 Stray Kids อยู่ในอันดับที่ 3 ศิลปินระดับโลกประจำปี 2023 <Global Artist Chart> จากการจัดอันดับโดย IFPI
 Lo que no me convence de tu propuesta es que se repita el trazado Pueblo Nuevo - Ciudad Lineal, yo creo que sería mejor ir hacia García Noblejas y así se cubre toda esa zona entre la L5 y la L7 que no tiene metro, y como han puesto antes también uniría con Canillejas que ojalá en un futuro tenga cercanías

────

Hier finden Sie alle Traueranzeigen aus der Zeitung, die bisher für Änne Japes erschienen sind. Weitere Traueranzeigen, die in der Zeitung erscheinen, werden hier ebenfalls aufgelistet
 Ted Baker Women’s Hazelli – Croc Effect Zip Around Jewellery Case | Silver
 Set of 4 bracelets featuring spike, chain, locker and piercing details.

────

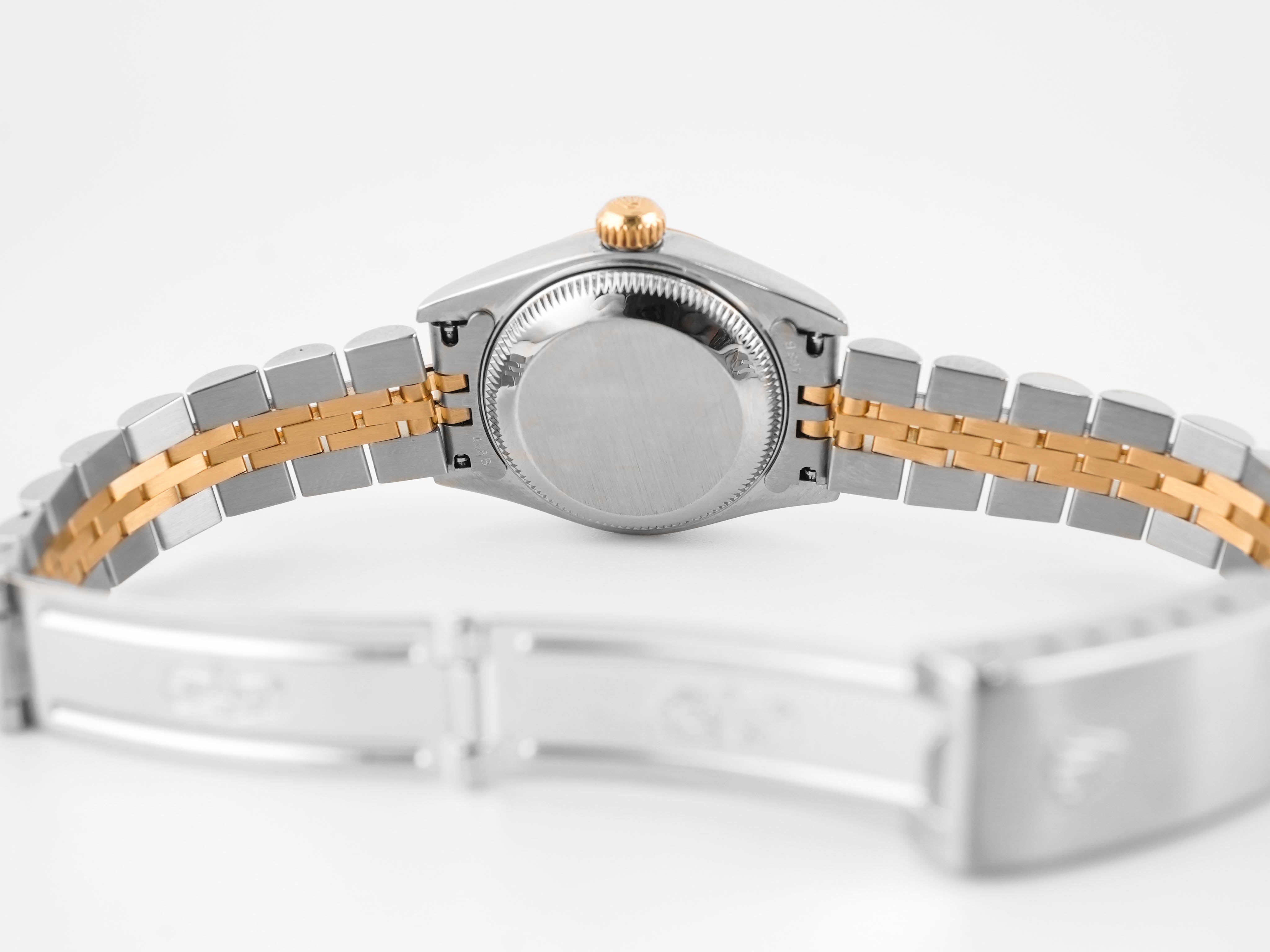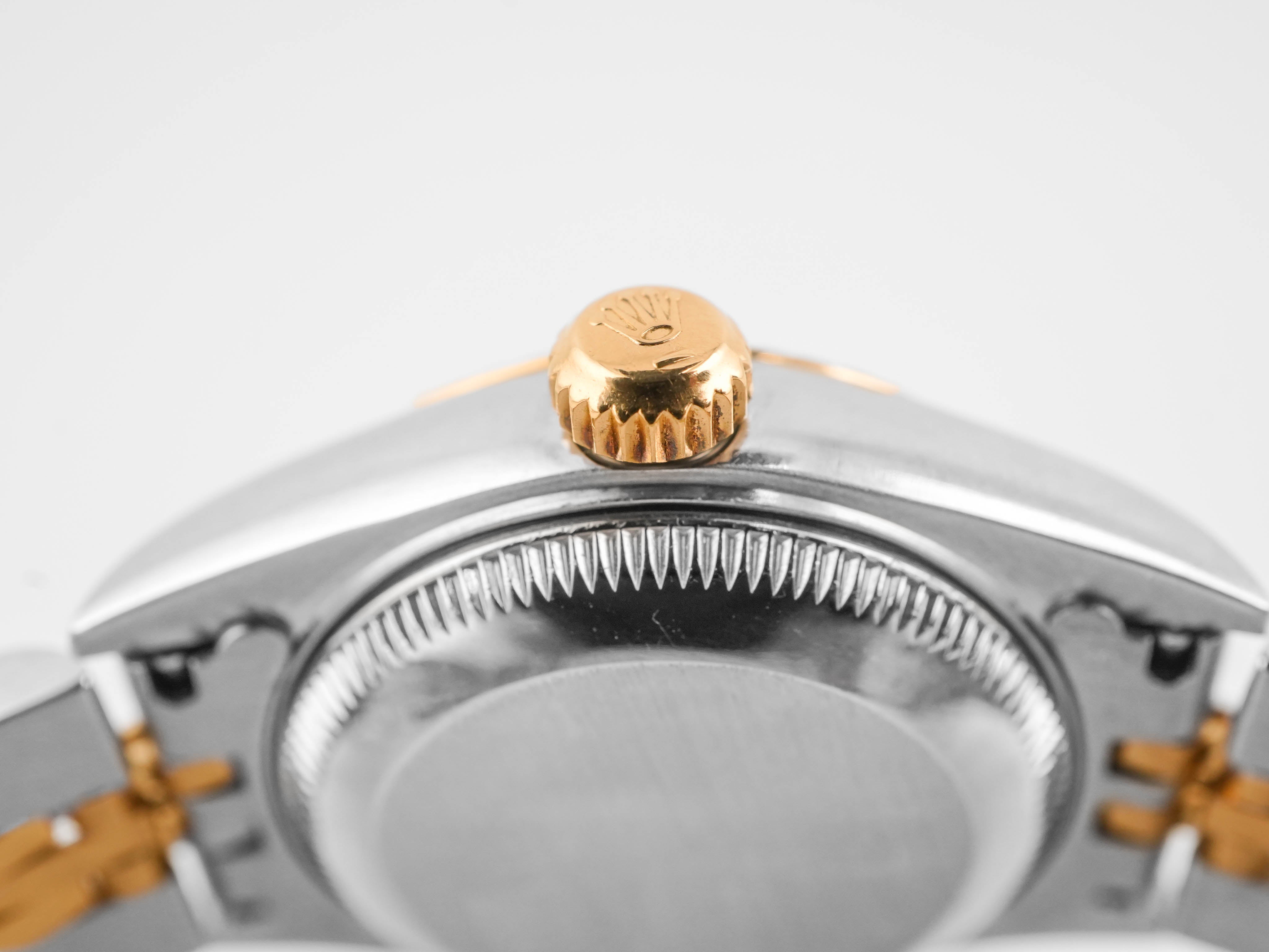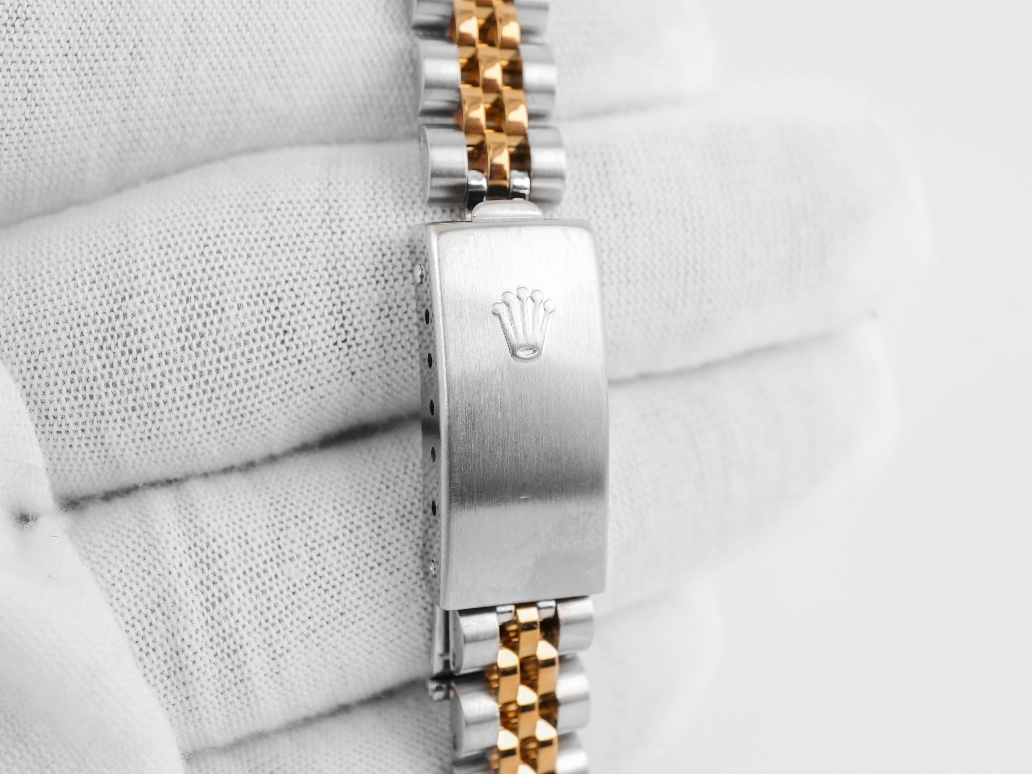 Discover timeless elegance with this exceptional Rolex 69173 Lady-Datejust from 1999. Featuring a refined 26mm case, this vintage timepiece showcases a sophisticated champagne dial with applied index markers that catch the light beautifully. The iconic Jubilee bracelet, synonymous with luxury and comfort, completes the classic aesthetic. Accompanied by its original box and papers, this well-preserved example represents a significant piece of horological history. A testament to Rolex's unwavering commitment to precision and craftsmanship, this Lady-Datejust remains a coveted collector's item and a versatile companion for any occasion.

────

Return only the stretch of the material above from the line holding "Stray Kids อยู่ในอันดับที่" through the line holding "Lo que no me", copied exactly.

> [Solution to this problem]
 Stray Kids อยู่ในอันดับที่ 3 ศิลปินระดับโลกประจำปี 2023 <Global Artist Chart> จากการจัดอันดับโดย IFPI
 Lo que no me convence de tu propuesta es que se repita el trazado Pueblo Nuevo - Ciudad Lineal, yo creo que sería mejor ir hacia García Noblejas y así se cubre toda esa zona entre la L5 y la L7 que no tiene metro, y como han puesto antes también uniría con Canillejas que ojalá en un futuro tenga cercanías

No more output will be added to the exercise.